EXTRA_PATH_METADATA = {
    ... other extra path metadata ...
    'extra/CNAME': {'path': 'CNAME'},
}

Finally, change the value of SITEURL variable in publishconf.py to the custom domain's name and commit the changes:

git add content/extra/CNAME
git commit -a -m "Change site's URL to http://blog.mysite.com"

Before we publish the new version of the site with a custom domain, we need to configure an appropriate DNS record with our DNS provider. The above example custom domain is a custom subdomain, so we need to set up a CNAME record with our DNS provider that points to username.github.io. Follow your DNS provider's instructions on how to do that.

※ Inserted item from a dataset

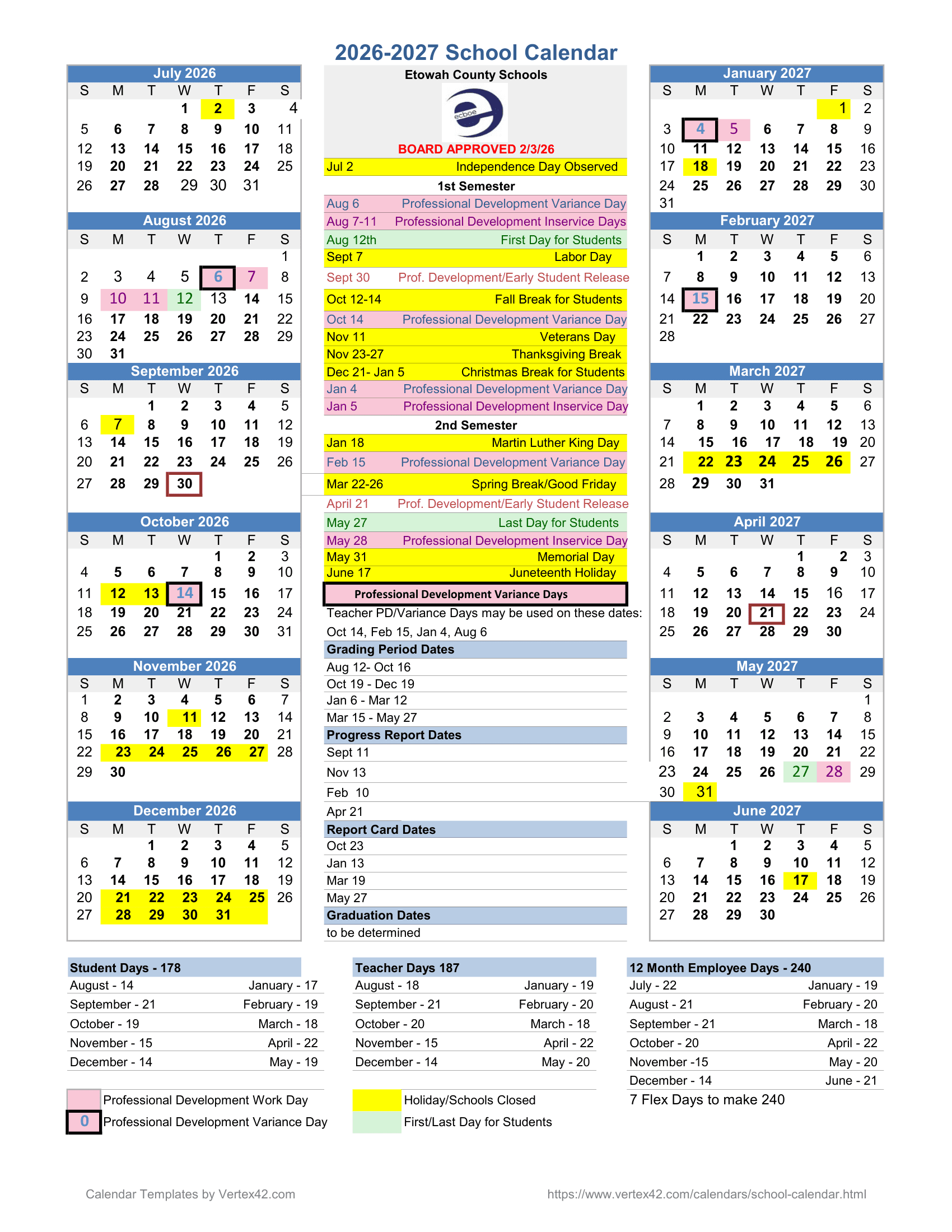 Dates are sourced from the official Etowah County Schools al 26-27 Revised [PDF] website. Dates may change at the discretion of the district. Always verify with the official school website for the latest updates.

To confirm that the new DNS record is set up correctly, use the dig utility:

dig +nocmd +nostats +nocomments blog.mysite.com

and make sure the output is similar to:

;blog.mysite.com.               IN  A
blog.mysite.com.        1747    IN  CNAME   username.github.io.
username.github.io.     3547    IN  CNAME   github.map.fastly.net.
github.map.fastly.net.  650     IN  CNAME   prod.github.map.fastlylb.net.
prod.github.map.fastlylb.net. 17 IN A       151.101.12.133

If your custom domain is an apex domain (e.g. mysite.com), you will need to configure a different type of a DNS record. See GitHub Pages's Help on Setting up an apex domain.

After DNS is properly configured, publish the updated site to GitHub Pages with:

fab publish

Visit the page at your custom domain!

Note

Currently, it is not possible to set up a custom domain with SSL support via GitHub Pages. For more information, see the issue report with a lengthy discussion.

To see this implemented in practice, browse the source repo of my Pelican site.